Post # 1
I’m a bit torn on this topic. I work in an office with 30 people some I am closer to some I am not. I don’t want to offend anyone so should I follow the all or nothing attitude? Invite them all or no one at all? Or just a select few? What are you doing?
Post # 3
- Wedding: January 2013 - Harbourfront Grand Hall
I invited them all, but “all” meant 4 people added to my guest list because I work in a tiny office.
If you’re not close with all of your co workers I don’t think it’s a problem to only invite the ones that you are close with. What if one of those you weren’t close with quit, was fired or got a new job — would you want them at your wedding still? Because things could change between now and September!
Post # 4
I am planning on inviting all of them, but that is 4 people plus their SO’s. I work in a small lab, lol!
Post # 5
@mchitt329: I work in a huge office, but my department has about 12 people.
I invited 4 coworkers and their +1s.
Post # 6
Nah, none of them even congratulated me on my engagement so screw ’em. They’re all single and bitter.
Post # 7
I work in a very small office with an in office team and a field team. I will probably invite most of the in office team. I’ll invite my boss, too – although, I believe she will have retired several months before the wedding.
Post # 8
I’m only inviting one (work in an office of 11). But this one is a very close friend first and a co-worker second to me. I generally keep my personal life separate from my office; but despite this, almost everyone at work has asked me if I was inviting them… Which was always awkward to tell them no. Inviting those from work would completely change the atmosphere and comfort level of my wedding for me — obviously I don’t want that!
Post # 9
I am inviting 4 people from work. It is very hush hush, i dont want anyone to feel bad. I am pretty close to these girls and trust they wont be blabbin about being invited.
Post # 10
My bosses are on our B list. We haven’t decided if we’re going to invite them, because I might quit my job before we get married.
Post # 11
no, only because if i invite the 5 people i like then i would end up having to invite 10 or more (as to not offend or cause drama) and it’s just not in my budget. while i’m friendly with my co-workers they arent my true friends or family. i only want to be surrounded by true friends and family on my wedding day 🙂
Post # 12
I think it depends on the company and how close you are to them. My companyis very small and consists of 9 people; I maybe talk to and are “close” to 4 of them and have only been here a year. I felt like if I only invited those 4 it would make the others feel left out and inviting everyone (for personal and financial reasons) was not an option so we elected to invite no one. The people who I would have invited completely understand that with my huge family (skimmed the friends list including wedding party to about 20 with guests), I am still planning on about 175 guests and that we just had to have a cut off at one point. Congrats and good luck with your decision!
Post # 13
@FutureMrsLAL: +1 why do people ask if they’re invited? Don’t you feel awkward if I tell you no? All my coworkers did that too! Ugh, hate that!
Post # 14
@SoontobeMrsAM: I’m kind of in the same boat. I work on a team of about 30 people, but I am definitely closer to some than others. We’re having a small wedding so inviting all of them is really not an option. I am inviting those that I talk to regularly. I feel really bad about not inviting everyone, but one of my coworkers assured me that no one on the team ever invites everyone to events (kids’ graduations, parties, weddings, etc) because there are so many people on the team, not to mention the other 200 people in my building that we all know, too! I still feel bad, but I guess they’ll be able to understand.

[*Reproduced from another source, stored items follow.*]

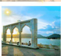
Ana Sagar Lake
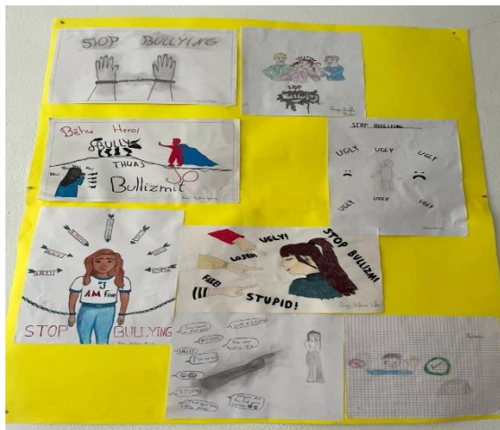
Foto nga veprimtaritë
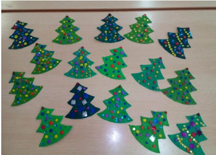
Майстер-клас виготовлення ялинок з фетру
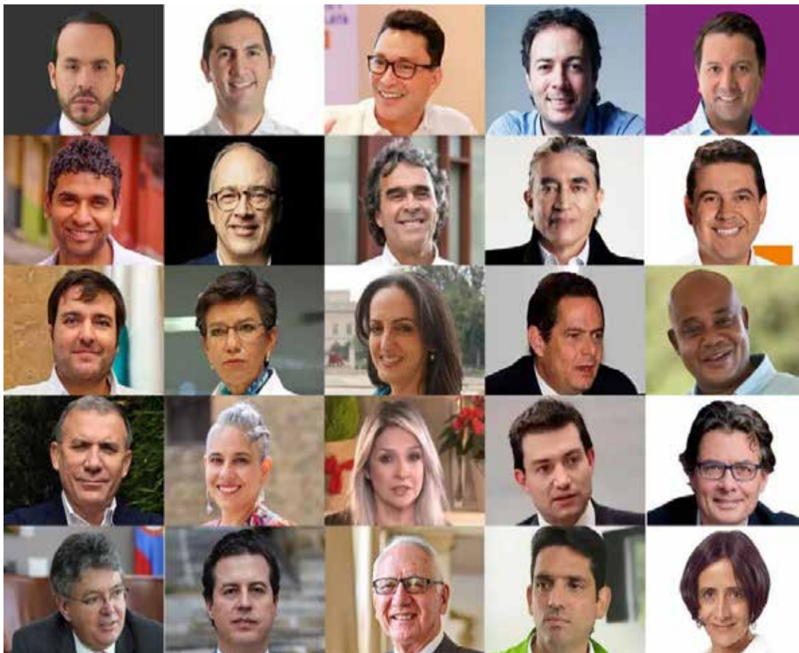
Algunos de los 45 precandidatos presidenciales.

En Colombia, los partidos políticos están inmersos en la tarea de escoger a sus candidatos para el Congreso y la presidencia de la República. La metodología varía dependiendo del tipo de partido. Los partidos de masas, generalmente de izquierda, suelen restringir las candidaturas a sus miembros más antiguos. Este enfoque impide que personalidades indepen-
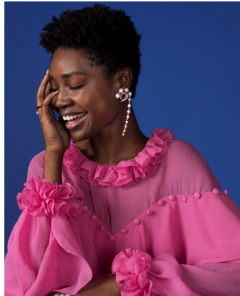
「Cove (コーヴ)」イヤリング ¥5,800,000
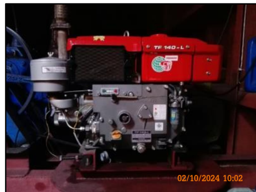
ภาพที่ 2.50 เครื่องปั่นไฟพร้อมสายไฟและปลั๊กไฟภายในเรือลำเลียงสินค้า
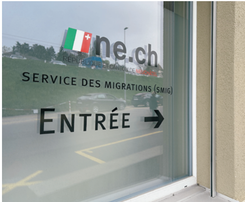
L'affaire est allée jusqu'au Tribunal fédéral, tous les recours ont échoué.

Pour le garçon, la situation est terrible. «Je termine l'école secondaire et je voudrais trouver une place d'apprentissage dans l'immobilier ou la comptabilité, mais personne ne peut m'engager. Je me suis inscrit à l'École de commerce, en attendant...». Son jeune frère, 14 ans, et sa petite sœur de 8 ans, née à Neuchâtel, souffrent du stress. «C'est très difficile de travailler à l'école quand on a peur tout le temps.» Les enfants connaissent peu l'albanais, pas du tout le Kosovo. Ils ne se confient pas à leurs amis, ils ont peur. «Toute notre vie est ici.»
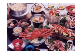
清風荘 「かに尽くし会席（夕食）」
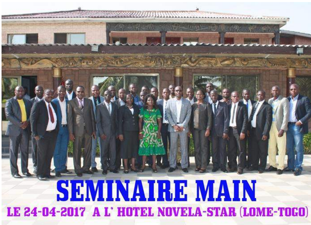
Photo de groupe des participants à la formation
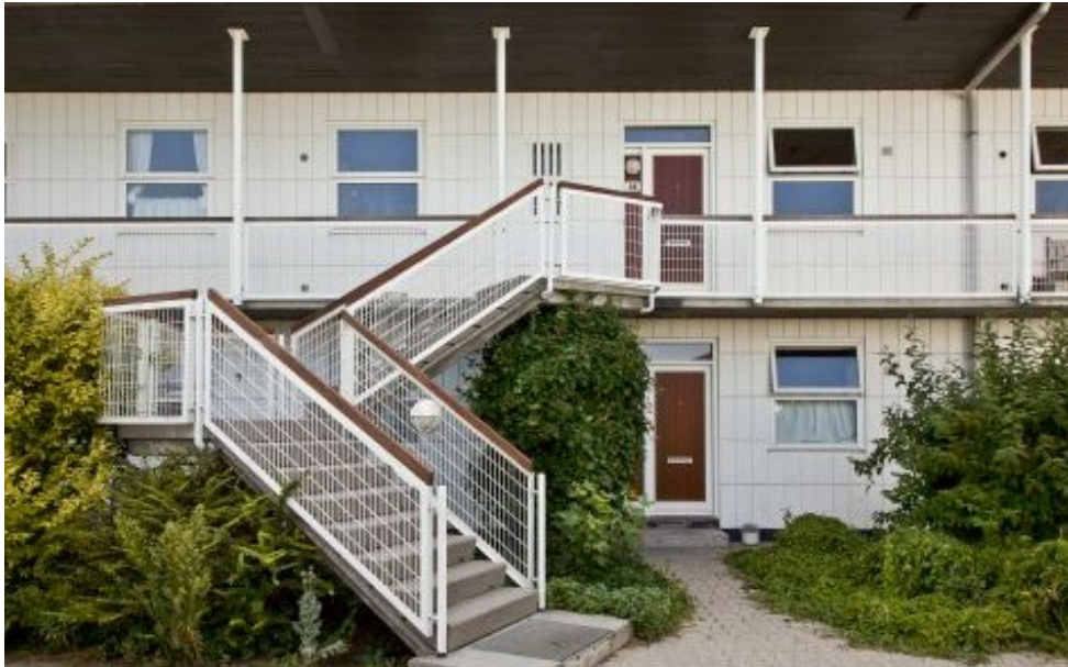
Et godt eksempel på Eske Kristensens arkitektur

sere boligbyggerier og blev en af pionererne indenfor betonelementbyggeriet. Derved kunne man have undgået megen af den kritik og det dårlige omdømme, som modulbyggeriet fik i 1970'erne.
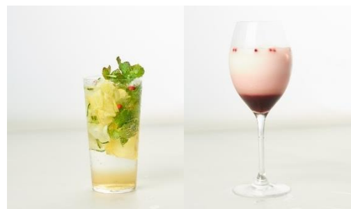
(左)ズッキーニモヒート 1,100円 (右)ピーツラムミルク 1,100円 [REVIVE KITCHEN THREE/2F]
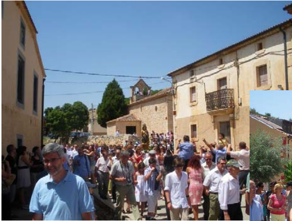
Dos tomas diferentes de la procesión bailándole a la Virgen.

El domingo es el día grande, Misa, procesión, remate de palos y rosquillas y después un buen aperitivo amenizado con música antes de comer el típico asado segoviano.
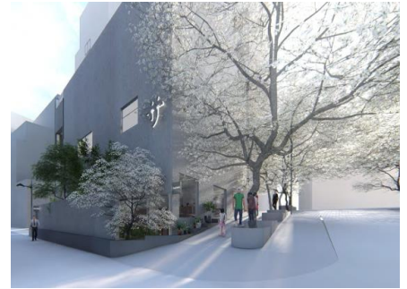
渋谷サウナス 外観パース
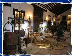
CENTRO DE INTERPRETACIÓN DEL CAMPO ANDALUZ CASERÍO DE SAN BENITO. ANTEQUERA
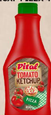
KEČAP PIZZA 450G
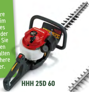
HHH 25D 60

Schneiden Sie Ihre Hecken zweimal im Jahr, am Ende des Wachstums oder der Blüte. Schneiden Sie präzise von unten nach oben und halten Sie die Heckenschere dicht am Körper.

I guess I feel guilty mainly because the people at my work throw giant baby/wedding showers. Depending on who its for, sometimes the entire building will show up (over 200 people!) and registries are almost always taken care of in their entirety! I feel terrible accepting a gift from someone at the shower, yet not inviting them to the wedding. Sigh.
Post # 15
Only invite the ones you feel like you’d still want to talk to/remember in several years. My situation is a little easier – I work at a large place, but the office where I work only has 4 other people – one person is my boss and very close to me and my mother (we go to ball games and shopping together often), another person is making our cake, another person is doing the day-of coordination for me, and that only leaves one other person, so I considered it only polite to invite her as well. She’s quite nice anyway 🙂
As long as you can get the invitations to them discreetly, I don’t see a problem with not inviting all of them. (Which is what my fiance had to do at his work.)
Post # 16
I said all, but I only work with 6 people!